(Bloomberg) -- U.S. equities haven’t yet reached the bottom of the sell-off driven by coronavirus fears and aren’t all that cheap, strategists at Sanford C. Bernstein warn.

“We are suspicious of last week’s rally and suspect that it does not mark a floor,” the strategists led by Inigo Fraser-Jenkins said in a note on Monday. “We still face massive uncertainty on the length of the lockdown period for major economies.”

While the S&P 500 surged 10% last week along with global equities on optimism that a $2 trillion stimulus package and fresh assurances from the U.S. Federal Reserve may be enough to prevent a deep recession, the pandemic remains in a critical state. Bernstein points out that until lockdown measures are lifted and consumers resume spending, there’s unlikely to be sufficient growth in demand to stimulate major economies.
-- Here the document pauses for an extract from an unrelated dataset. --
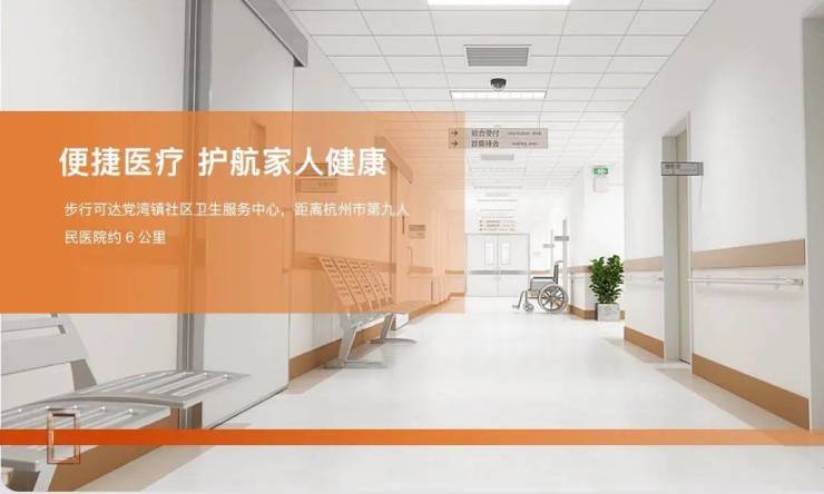 项目步行即可到达党湾镇社区卫生服务中心,距离杭州第九人民医院约6公里,无论是日常保健还是紧急就医,都能得到及时有效的处理,为家人的健康保驾护航。

It’s unclear when Europe and the U.S. will be able to start lifting restrictions as European officials warned against loosening lockdowns after the outbreak killed more than 3,000 in Spain and Italy over the weekend and President Donald Trump abruptly abandoned his ambition to return life to normal in the U.S. by Easter.

Looking at the valuations of U.S. equities, and considering the “unprecedented” drop in bond yields, Bernstein said that it’s unfair to compare price-to-earnings ratios to historical levels and it’s better to study the forward equity-risk premium. Bernstein expects the U.S. earnings risk premium -- or the return from equities exceeding that from government bonds -- in 2021 to be 6.5%, which is close to prior crisis peaks but not beyond them.

“The conclusion is that equities are significantly cheaper than their average level compared to bonds, but not at an extreme point of valuation that would allow one to claim that they offered unconditional value,” the strategists said. “A positive market call thus could not rest on a valuation argument alone at these levels.”

U.S. stock futures fluctuated on Monday and European equities slumped as the oil price declined and major banks postponed their dividend payments.